3.2. In vitro degradation
The residual mass of different scaffolds after different cultivation time is presented in Fig. 2C. All the scaffold degraded gradually during the experiment period. After a 21-day experiment, the residual mass of CPS, Sr-5, Sr-10 and Sr-20 scaffold were 74.7 ± 0.4%, 69.4 ± 3.3%, 65.3 ± 1.3% and 54.4 ± 4.2%. Sr-CPS scaffolds showed a significantly increased degradation rate. Furthermore, with the increase of Sr content, the scaffold degradation rate gradually increased.
3.3. Effect of CPS and Sr−CPS extracts on rBMSCs proliferation
Cell proliferation is important in evaluating the scaffolds biocompatibility. According to CCK-8 results (Fig. 2A), rBMSCs showed robust proliferation in different concentrations of CPS or Sr-CPS extracts throughout the assay period. In general, the addition of Sr ion in Sr-CPS extracts significantly enhanced rBMSCs growth at day 4 and day 7 compared with CPS and rBMSCs exhibited highest vitality in 1/16 group. At day 4, 1/16 and 1/32 group showed higher OD values. At day 7, compared with 1/32 group, 1/16 group showed a stronger stimulatory effect on cell proliferation. Therefore, the 1/16 group was used in the following study due to its highest proliferation.
The concentration of Ca, Si and Sr ions of CPS and Sr-CPS samples from 1/16 dilution was shown in Fig. 2B. The Ca ions concentration was increased with the adding of Sr content except Sr-20 sample, while Si ion concentration was decreased with the existence of Sr ions. There was no doubt that with an increase of Sr content, the Sr ions concentration was increased. It could be concluded that the presence of Sr ions in the CPS structure hindered the release of Si ions.
3.4. The stimulation of sample extracts on osteogenic differentiation of rBMSCs
ALP activity is widely used as an early marker of early osteogenic differentiation. rBMSCs cultured in different sample extracts and osteogenic medium alone were fixed and stained. As shown in Fig. 3A, CPS and Sr-CPS both enhanced the ALP activity at day 7. Sr-CPS showed more intensive ALP staining. The quantitative analysis (Fig. 3B) indicated Sr-5, Sr-10 and Sr-20 enhanced the activity of ALP compared with that of CPS. Both Sr-10 and Sr-20 owned significantly higher activity than Sr-5 but there was no statistically significant difference between these two groups. At day 21, semi-quantitative analysis of alizarin red staining (Fig. 3C) also prove Sr-20 group had the strongest osteogenic capacity. The quantitative results of ALP expression coincided well with the alizarin red staining results.

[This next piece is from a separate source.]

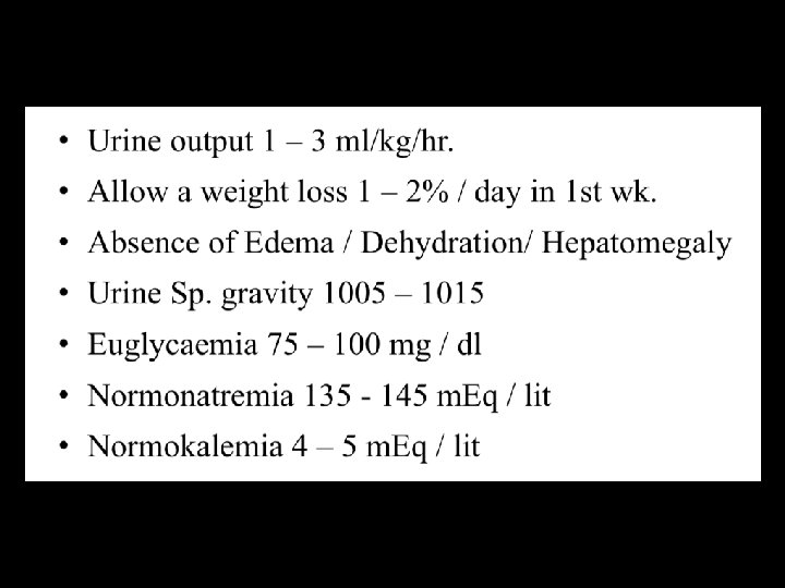 Water and Electrolyte Requirements Based on Weight n n Water: – 0 -10 kg: 100 ml/kg – 10 -20 kg: 1000 ml plus 50 ml/kg – > 20 kg: 1500 ml plus 20 ml/kg Electrolytes: – Na: 2 -3 meq/kg – K: 1 -2 meq/kg Water requirement is the same as with the caloric-based system Electrolyte requirement is greater than with caloric-based system: Electrolyte requirement is a direct linear function of weight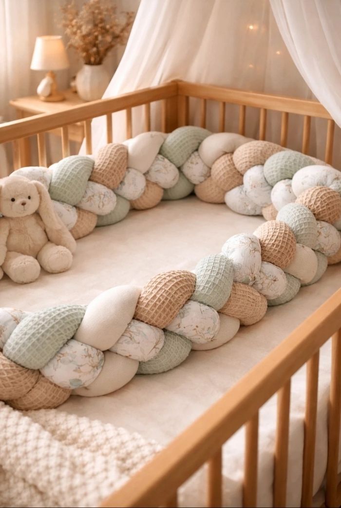 Tresse de lit bébé 4 épis – 4,60 m Thème Jardin Vert Tresse de lit 4 épis de 4,60 m, idéale pour sécuriser et décorer le lit de bébé. Son thème Jardin Vert, aux tons vert sauge, beige et écru, apporte une ambiance douce et naturelle. Création artisanale Au Fil Argenté, réalisée avec des matières en coton douces et confortables. Tressage dense pour un bon maintien et une protection optimale. Neuve Dispo de suite

According to the results of qRT-PCR (Fig. 4A), osteogenesis-related gene expression such as RUNX2, OCN, OPN and BSP were upregulated in Sr-CPS and CPS in comparison with the control group at days 4 and 7. Furthermore, the Sr−CPS groups had a markedly increased effect of osteogenesis compared with the CPS group at each time point. These four gene expression profiles showed the similar tendency. The ALP staining, alizarin red staining and qRT-PCR experiments showed that both CPS and Sr-CPS promoted rBMSCs osteogenic differentiation, while Sr-CPS exhibited stronger stimulatory effect especially Sr-20.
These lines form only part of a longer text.